Release Notes Release 2.2

Key Features and Enhancements

  • [PyTorch] Added support for per-tensor current scaling recipe.

  • [PyTorch] Implemented cross-entropy loss with support for splitting computation across multiple devices.

  • [PyTorch] Added support for CPU offloading with Megatron-Core style distributed optimizers.

  • [C/PyTorch] Improved performance for P2P-based Tensor Parallel (TP) communication overlap.

  • [Jax] Added support for THD format with ring attention.

  • [C] Added multi-node support for NVIDIA® NVLink for TP overlap with userbuffers.

  • [PyTorch] Added support for KV cache for FusedAttention, FlashAttention, and UnfusedDotProductAttention backends.

  • [PyTorch] Improved bulk TP communication overlap by launching GEMMs on lower priority streams.

  • [Jax] Improved performance and memory usage for causal mask in the cuDNN attention backend.

Fixed Issues

  • [PyTorch] Fixed convergence when using context parallelism with a fused attention backend.

  • [PyTorch] Fixed a crash using GroupedLinear when the last input has no tokens.

  • [PyTorch] Made miscellaneous fixes to improve overall performance of the MXFP8 recipe.

  • [PyTorch] Reintroduced support for return_bias argument to all modules, which was silently ignored in v2.0 and v2.1.

  • [PyTorch] Reintroduced support for FP8 communication for overlapping reduce-scatter and GEMM when using TP overlap with userbuffers.

  • [PyTorch] Fixed gradient accumulation fusion in the LayerNormMLP module.

  • [C/PyTorch] Made miscellaneous numerical fixes to the fused attention backend.

  • [C] Avoided creating a new cublasLtHandle for every GEMM call to avoid memory leaks.

  • [Jax] Fixed shape and sharding inference in fused-attention C++ extension.

  • [Jax] Fixed an import error in the encoder example.

Known Issues in This Release

  • RTX 5090 is currently unsupported for FP8 execution.
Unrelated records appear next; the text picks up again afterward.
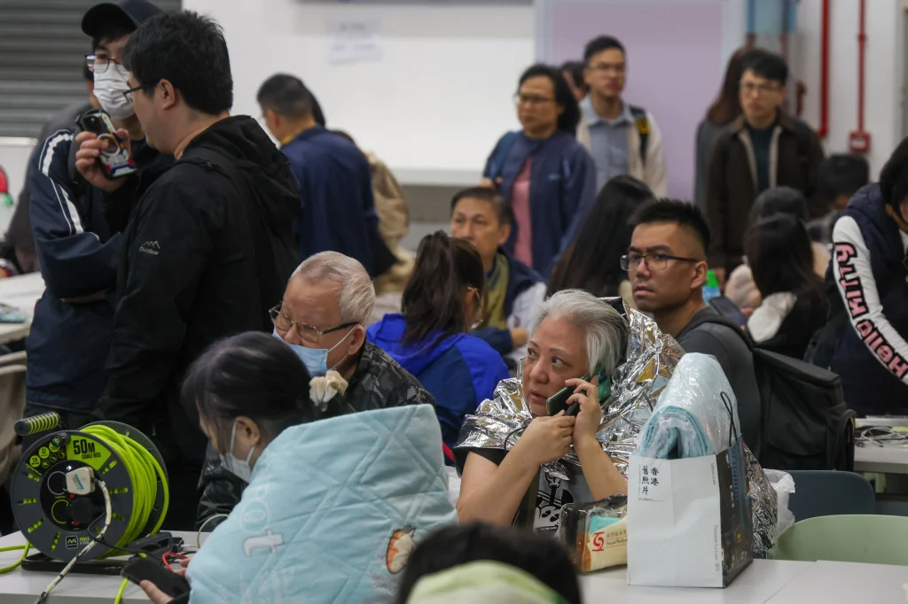 11月26日,香港大埔,宏福苑住宅区发生火灾后,居民在一个临时避难所避难。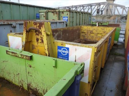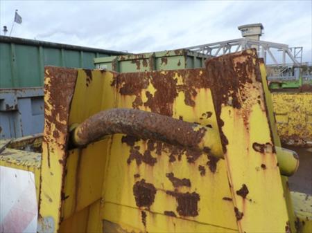Container de chantier Marque : ANG Volume : 9,7 m³ Dimensions intérieurs : 4,85 m x 2 m x 1 m Type de portes arrières : ouvrantes Poids : 1670 kg Etat : bon, corrosion sur le plancher Réf : Geel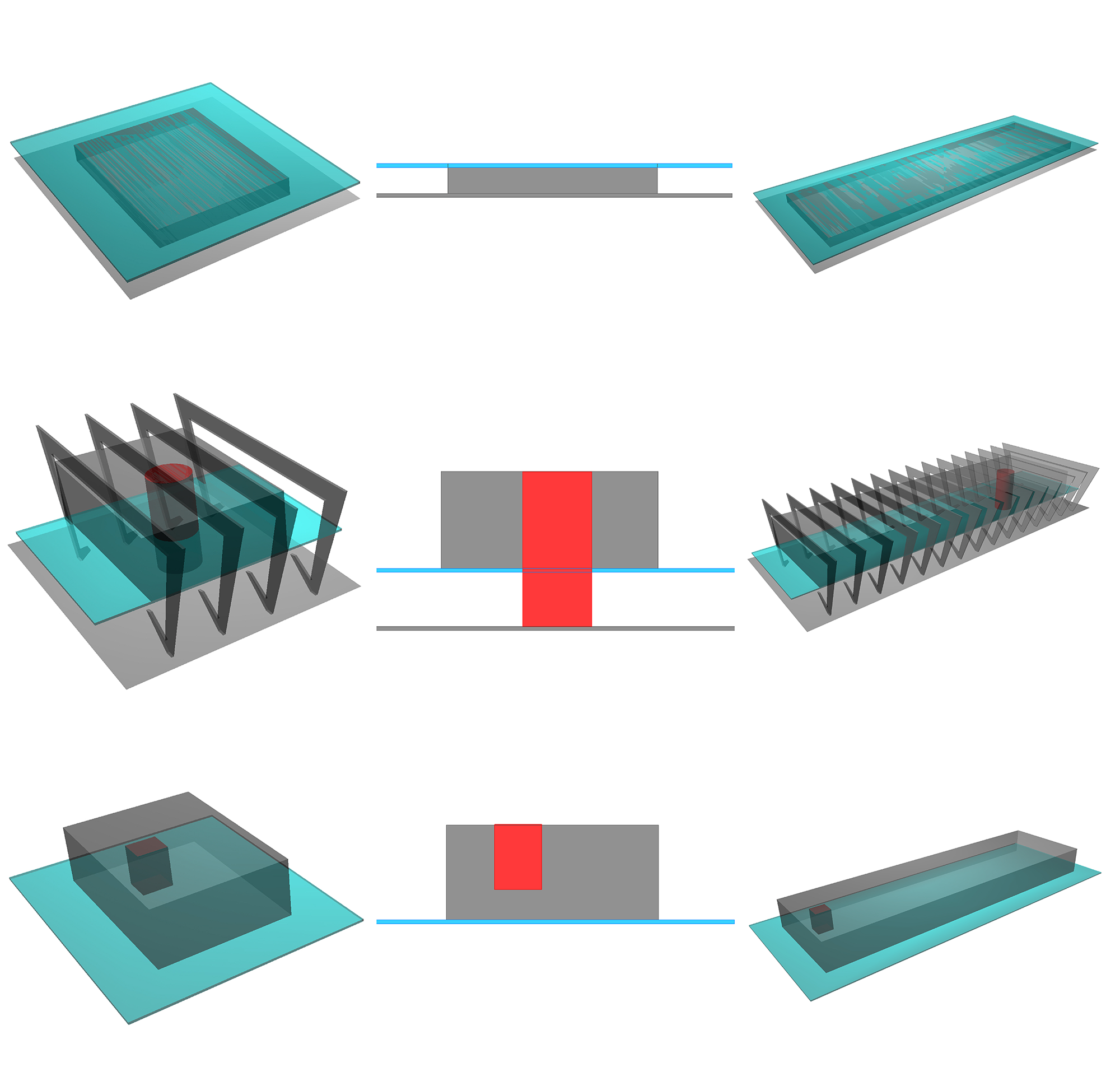 Digital model of the final project with a color coding of the iconic characteristics of each modernist museum. The blue Marquise from São Paulo’s museum, the red Porticos from Rio’s museum, and the green staircaises from Bahia’s museum.

Support will be added in v2.3.0.

  • Transformer Engine may crash when it is installed via the PyPI registry but is run in an environment with CUDA version < 12.8. A temporary workaround is to install from source until the issue is fixed.

Breaking Changes in This Release

  • [PyTorch] The deprecated interval argument for the DelayedScaling recipe has been removed.

  • [PyTorch] There are multiple breaking changes in the InferenceParams class.

    • New arguments num_heads_kv, head_dim_k, and dtype are required during initialization.

    • The user must call a pre_step method to update the InferenceParams state.

    • The swap_key_value_dict method has been removed, as the step method now automatically reorders the key/value sequences according to their batch indices.

Deprecated Features

There are no deprecated features in this release.

Miscellaneous

  • [PyTorch] The minimum required PyTorch version is changed to 2.1.